HUTCHMED reports a remarkable year in 2021, with oncology/immunology revenues soaring 296% to $119.6 million, driven by strong sales of ELUNATE®, SULANDA®, and ORPATHYS®. The company completed enrollment for the FRESCO-2 global Phase III study of fruquintinib and initiated multiple registration studies for ORPATHYS® in various cancers. With over $1 billion in cash, HUTCHMED plans to expand globally and launch new products. Total revenues rose 56% to $356.1 million, yet net loss increased to $194.6 million. Financial guidance for 2022 suggests oncology revenues between $160-$190 million.
HUTCHMED has received approval to market fruquintinib (ELUNATE®) in Macau, marking it as the first homegrown innovative oncology drug based on clinical data from China. This approval follows updates to drug importation regulations in Macau. Originally approved for metastatic colorectal cancer in China in September 2018, fruquintinib shows potential for further clinical applications. HUTCHMED's COO expressed optimism about patient access to this drug in Macau and its promising safety profile in combination therapies.
HUTCHMED (Nasdaq/AIM: HCM; SEHK: 13) will announce its final results for the fiscal year ending December 31, 2021, on March 3, 2022, at 7:00 am EST. Following this, a conference call and audio webcast will commence at 8:00 am EST, featuring a Q&A session with management. HUTCHMED is a biopharmaceutical company dedicated to the development of targeted therapies and immunotherapies for cancer and related diseases. The company employs over 4,600 personnel, with a focus on advancing its oncology drug candidates.
HUTCHMED has initiated a Phase Ib/II study in China for HMPL-453, a selective FGFR inhibitor, in combination with chemotherapy or toripalimab.
The trial aims to evaluate the safety and initial efficacy in patients with advanced solid tumors.

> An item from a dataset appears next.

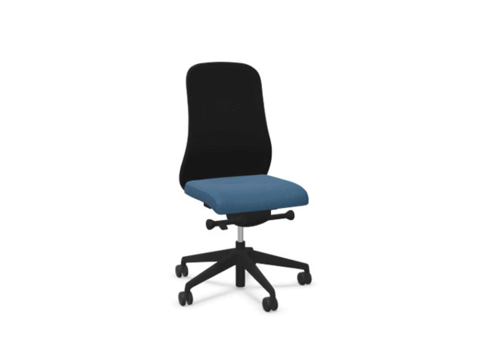Moderne og ergonomisk kontorstol med delvis polstret rygg og synkronmekanisme samt justering av sittedybde, utformet for å gi støtte ved aktiv sitting gjennom hele arbeidsdagen. Trukket i polyesterstoff. Den synkroniserte bevegelsen mellom rygg og sete gir en aktiv og komfortabel sittestilling. Ryggens vippevinkel er 21° synkronisert med setets vippevinkel på 7°. Ryggstøtten kan låses i 4 ulike posisjoner og har en funksjon som automatisk justerer motstanden ihht brukerens vekt og gir mulighet til for ytterligere justering i 3 posisjoner. Ryggstøtten er ikke høydejusterbar. Sittedybden kan justeres innenfor et område på 60 mm, med 7 låsbare posisjoner. Stolen har også Anti-Shock-funksjon som hindrer at ryggstøtten slår tilbake når låsen frigjøres. Polstret nakkestøtte, justerbar innenfor intervaller: dybde 20 mm, vinkel 70° og høyde 100 mm. Velg mellom kryss i lysgrå polyamid eller polert aluminium samt selvbremsende hjul for myke eller harde gulv. Som tilvalg finnes også korsryggstøtte, manuelt høydejusterbar (55 mm). Armlener i 2D, 3D eller 4D selges separat.

The first patient was dosed on January 22, 2022. This multi-center study includes a dose escalation phase followed by a dose expansion phase targeting gastric cancer and other conditions. HUTCHMED retains all global rights to HMPL-453, which addresses key tumor growth factors and is currently involved in further clinical studies, including HMPL-453 monotherapy for intrahepatic cholangiocarcinoma.
HUTCHMED has initiated a Phase I clinical trial for HMPL-653, a selective CSF-1R inhibitor, in China as of January 18, 2022. This multicenter trial aims to evaluate the safety, tolerability, and preliminary efficacy in patients with advanced solid tumors and tenosynovial giant cell tumors (TGCT). Around 110 patients will be enrolled. With no CSF-1R inhibitors currently approved in China, this trial addresses a significant unmet medical need. HUTCHMED retains all worldwide rights to HMPL-653, furthering its commitment to innovative cancer therapies.
HUTCHMED announced that updated analysis of the ongoing Phase I/Ib trial of fruquintinib will be presented at the 2022 ASCO Gastrointestinal Cancers Symposium on January 22, 2022. The study focuses on patients with advanced solid tumors, specifically looking at the preliminary results of the dose expansion cohorts in refractory metastatic colorectal cancer. Colorectal cancer is a significant health issue worldwide, with an estimated 915,000 deaths in 2020. Fruquintinib, an oral VEGFR inhibitor, is already approved in China for metastatic CRC and is being studied for various combinations with other therapies.